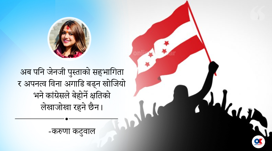 हरेक पार्टीमा जेनजी पुस्ताको प्रतिनिधित्व छ। नेपाली कांग्रेसमा पनि यो पुस्ता जबरजस्त कायम छ। पार्टीभित्रै रहेको यो पुस्तामा नेपाली कांग्रेसको विचार र सिद्धान्तलाई आत्मसात् गर्ने अठोट छ, कांग्रेस प्रति अपेक्षा छ, आशा छ अनि भरोसा पनि छ। समयानुसार नयाँ पुस्ताको माग अनुरूप अगाडि बढ्न नसक्नुका कारण आज कांग्रेस पार्टी ठूलो दुर्घटनामा परेको महसुस हुन थालेको छ। कांग्रेस राजनीतिक भागबन्डा र सत्तामोहमा लिप्त हुँदा देश गम्भीर सङ्कटमा फस्यो। पार्टीको नेतृत्वले महामन्त्रीद्वयको कुरा सुन्न चाहेको देखिएन। युवा महामन्त्रीहरूमा समेत नेतृत्वलाई धेरै प्रश्न गर्दा आफ्नो राजनीतिक भविष्यमा अवरोध आउँछ भन्ने मनोभावना जागेको हो कि भन्ने आशंका राख्ने प्रशस्त ठाउँ छन्।
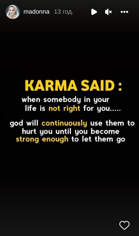 Instagram Мадонна опублікувала загадкове послання. У ньому говориться: "Коли у твоєму житті є людина, яка тобі не підходить, бог постійно використовуватиме її, щоб зробити тобі боляче. Доти, доки ти не станеш достатньо сильною, щоб її відпустити".
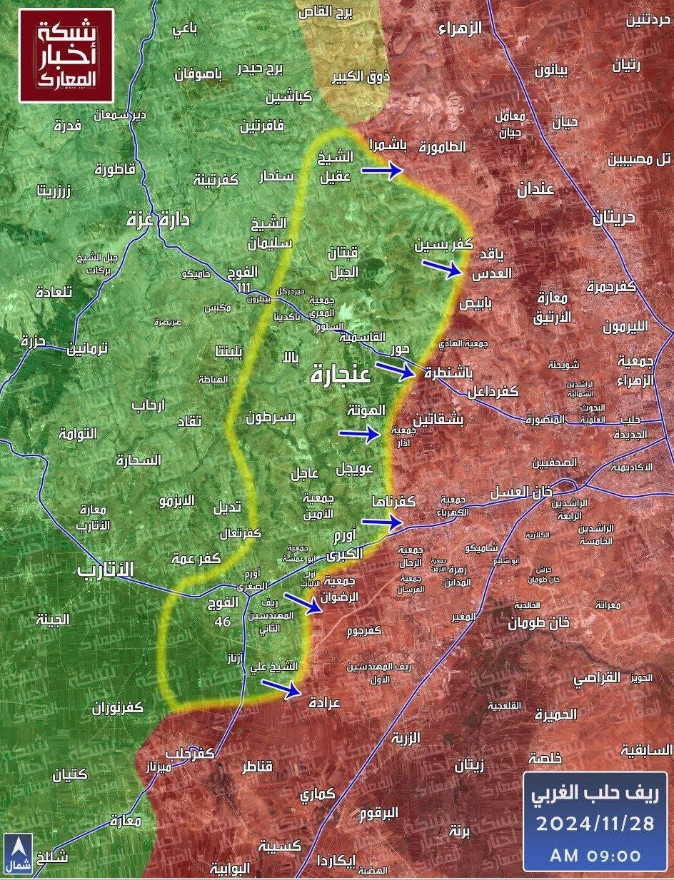 باید دید در روزهای آینده نیروهای دولتی سوریه خواهند توانست از پیشروی نیروهای تحریرالشام به حلب جلوگیری کنند یا نه؟ اخبار تایید نشده حاکی از آن است که شورشیان در چند کیلومتری حلب هستند.
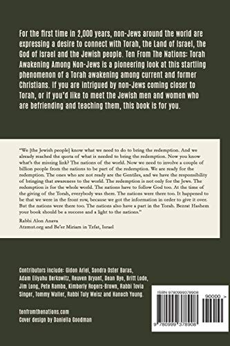 For the first time in 2,000 years, non-Jews around the world are expressing a desire to connect with Torah, the Land of Israel, the God of Israel and the Jewish people. Ten From The Nations: Torah Awakening Among Non-Jews is a pioneering look at this startling phenomenon of a Torah awakening among current and former Christians. If you are intrigued by non-Jews coming closer to Torah, or if you’d like to meet the Jewish men and women who are befriending and teaching them, this book is for you. NOTE TO READERS: The contributors to this book represent a wide range of theological positions. As a result, there are chapters in this volume that have the potential to make some Jews and some people from the Nations uncomfortable. If you’re willing to read about the spiritual stories of people with whom you don’t agree theologically, you’ll find that this book is groundbreaking.
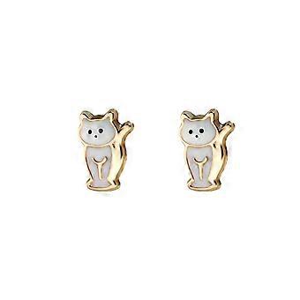 Jewelco London Ladies 9ct Yellow Gold Enamel Cat Kitten Stud Earrings
○ ○ ○ ○
> _Required action_: Please, without any pictures, write out exactly the lines of the listing from its first line through the line that holds "Instagram Мадонна опублікувала", ends included, and nothing beyond them.

> _Your solution_:
 हरेक पार्टीमा जेनजी पुस्ताको प्रतिनिधित्व छ। नेपाली कांग्रेसमा पनि यो पुस्ता जबरजस्त कायम छ। पार्टीभित्रै रहेको यो पुस्तामा नेपाली कांग्रेसको विचार र सिद्धान्तलाई आत्मसात् गर्ने अठोट छ, कांग्रेस प्रति अपेक्षा छ, आशा छ अनि भरोसा पनि छ। समयानुसार नयाँ पुस्ताको माग अनुरूप अगाडि बढ्न नसक्नुका कारण आज कांग्रेस पार्टी ठूलो दुर्घटनामा परेको महसुस हुन थालेको छ। कांग्रेस राजनीतिक भागबन्डा र सत्तामोहमा लिप्त हुँदा देश गम्भीर सङ्कटमा फस्यो। पार्टीको नेतृत्वले महामन्त्रीद्वयको कुरा सुन्न चाहेको देखिएन। युवा महामन्त्रीहरूमा समेत नेतृत्वलाई धेरै प्रश्न गर्दा आफ्नो राजनीतिक भविष्यमा अवरोध आउँछ भन्ने मनोभावना जागेको हो कि भन्ने आशंका राख्ने प्रशस्त ठाउँ छन्।
 Instagram Мадонна опублікувала загадкове послання. У ньому говориться: "Коли у твоєму житті є людина, яка тобі не підходить, бог постійно використовуватиме її, щоб зробити тобі боляче. Доти, доки ти не станеш достатньо сильною, щоб її відпустити".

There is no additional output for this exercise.